- _GIVEN ENTRIES_:
# # #

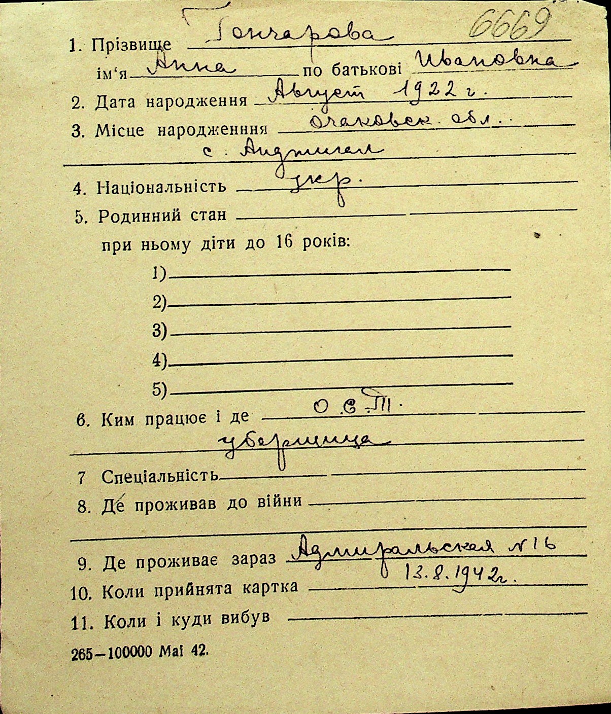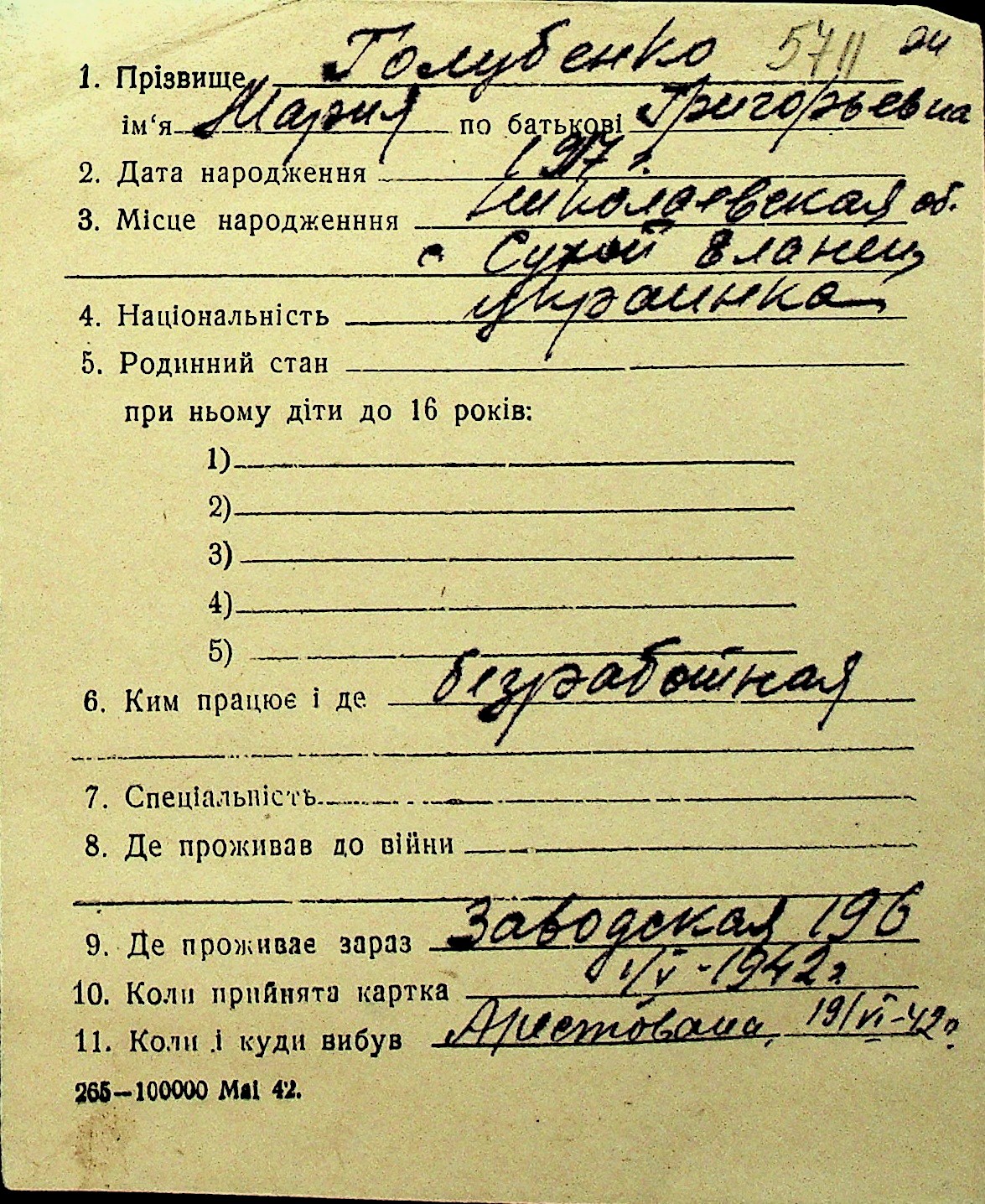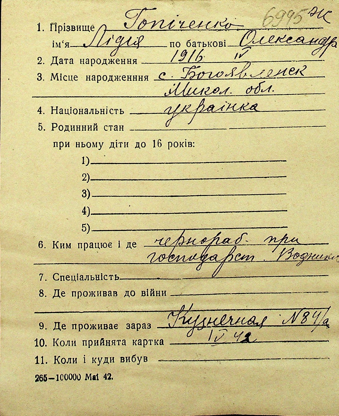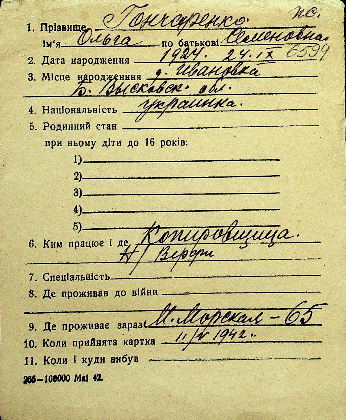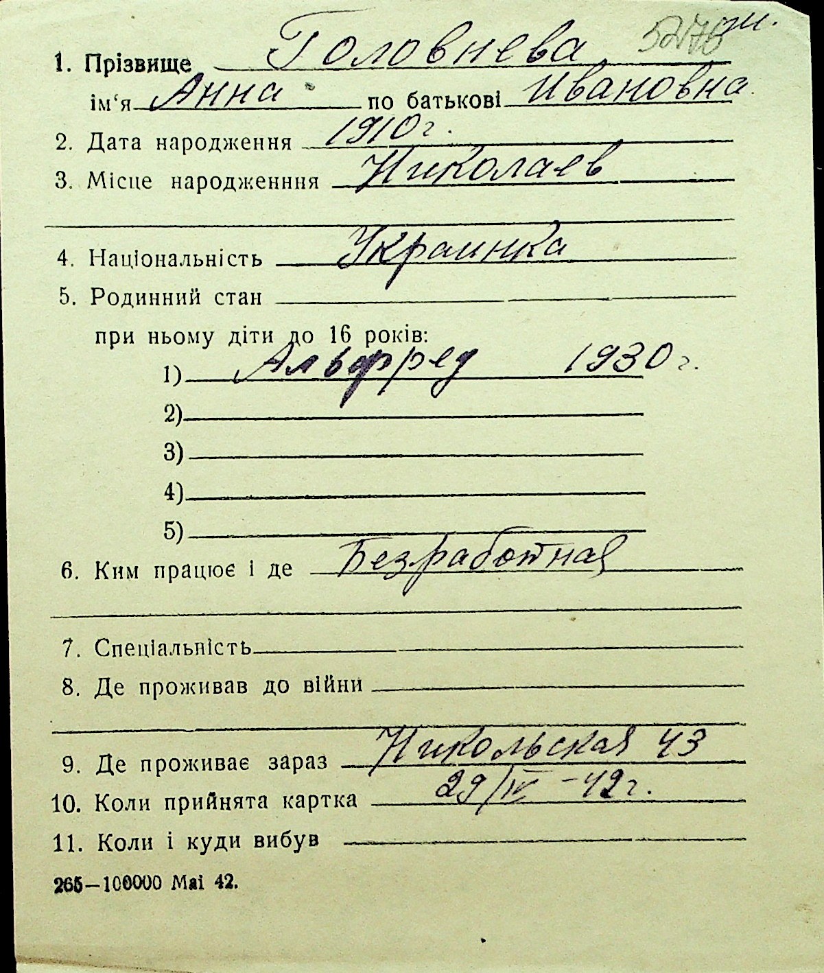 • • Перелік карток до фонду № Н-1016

# # #

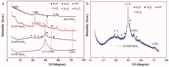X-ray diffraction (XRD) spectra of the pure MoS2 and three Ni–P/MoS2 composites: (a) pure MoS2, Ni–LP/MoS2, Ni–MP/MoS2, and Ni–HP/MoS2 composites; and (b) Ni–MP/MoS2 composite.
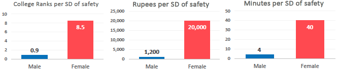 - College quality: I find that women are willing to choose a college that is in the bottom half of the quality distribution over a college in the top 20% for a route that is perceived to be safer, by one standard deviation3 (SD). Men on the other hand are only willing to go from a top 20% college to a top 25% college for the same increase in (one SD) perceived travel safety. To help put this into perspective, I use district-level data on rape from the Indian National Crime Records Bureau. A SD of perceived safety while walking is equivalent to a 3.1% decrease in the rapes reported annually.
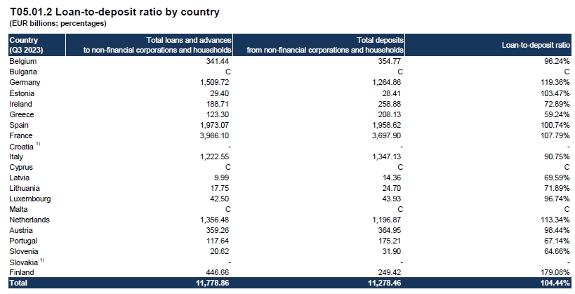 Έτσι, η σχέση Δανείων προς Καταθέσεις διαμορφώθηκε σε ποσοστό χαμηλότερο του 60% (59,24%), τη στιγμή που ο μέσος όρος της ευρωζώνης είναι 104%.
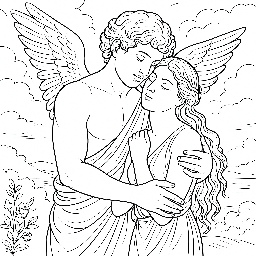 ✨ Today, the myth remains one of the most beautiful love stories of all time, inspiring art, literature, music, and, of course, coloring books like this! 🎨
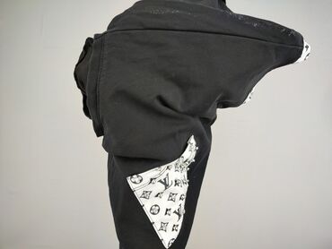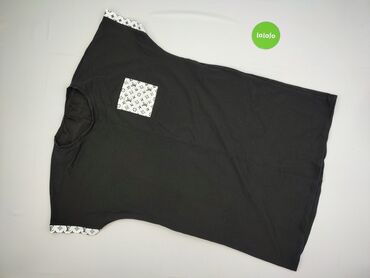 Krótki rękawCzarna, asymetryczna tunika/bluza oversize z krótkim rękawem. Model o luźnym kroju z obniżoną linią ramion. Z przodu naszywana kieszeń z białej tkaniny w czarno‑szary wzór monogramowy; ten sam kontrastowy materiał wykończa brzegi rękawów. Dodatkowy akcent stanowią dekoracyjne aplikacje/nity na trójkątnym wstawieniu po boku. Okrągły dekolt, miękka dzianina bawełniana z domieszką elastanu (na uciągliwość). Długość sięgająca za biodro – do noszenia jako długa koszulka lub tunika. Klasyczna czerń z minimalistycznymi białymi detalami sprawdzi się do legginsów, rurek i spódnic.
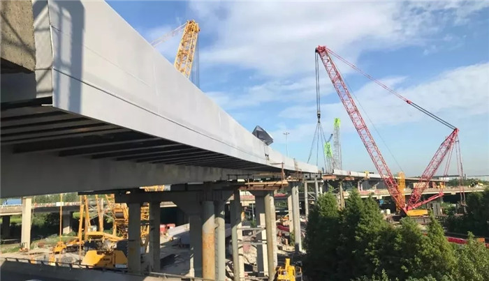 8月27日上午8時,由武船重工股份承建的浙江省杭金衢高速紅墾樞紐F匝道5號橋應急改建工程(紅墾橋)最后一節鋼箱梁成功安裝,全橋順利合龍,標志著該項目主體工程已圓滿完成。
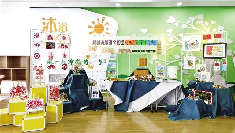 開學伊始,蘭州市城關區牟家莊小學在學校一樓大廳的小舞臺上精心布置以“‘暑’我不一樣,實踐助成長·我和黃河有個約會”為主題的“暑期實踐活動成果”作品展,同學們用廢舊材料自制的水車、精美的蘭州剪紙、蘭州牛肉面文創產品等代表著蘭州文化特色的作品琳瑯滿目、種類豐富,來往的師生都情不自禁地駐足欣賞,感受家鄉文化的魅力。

# # #

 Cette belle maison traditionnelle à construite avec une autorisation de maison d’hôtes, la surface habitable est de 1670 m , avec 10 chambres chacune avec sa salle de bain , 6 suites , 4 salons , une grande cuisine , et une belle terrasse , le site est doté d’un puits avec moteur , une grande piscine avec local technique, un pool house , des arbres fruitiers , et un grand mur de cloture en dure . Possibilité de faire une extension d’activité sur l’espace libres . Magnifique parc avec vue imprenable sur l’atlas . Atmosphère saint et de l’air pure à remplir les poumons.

# # #

- _EXERCISE BRIEF_:
Lines wanted from the entries above: the one with "8月27日上午8時,由武船重", the one with "開學伊始,蘭州市城關區牟家莊", and all lines between. Please copy them exactly, without the pictures and without anything else.

- _ANSWER BOX_:
 8月27日上午8時,由武船重工股份承建的浙江省杭金衢高速紅墾樞紐F匝道5號橋應急改建工程(紅墾橋)最后一節鋼箱梁成功安裝,全橋順利合龍,標志著該項目主體工程已圓滿完成。
 開學伊始,蘭州市城關區牟家莊小學在學校一樓大廳的小舞臺上精心布置以“‘暑’我不一樣,實踐助成長·我和黃河有個約會”為主題的“暑期實踐活動成果”作品展,同學們用廢舊材料自制的水車、精美的蘭州剪紙、蘭州牛肉面文創產品等代表著蘭州文化特色的作品琳瑯滿目、種類豐富,來往的師生都情不自禁地駐足欣賞,感受家鄉文化的魅力。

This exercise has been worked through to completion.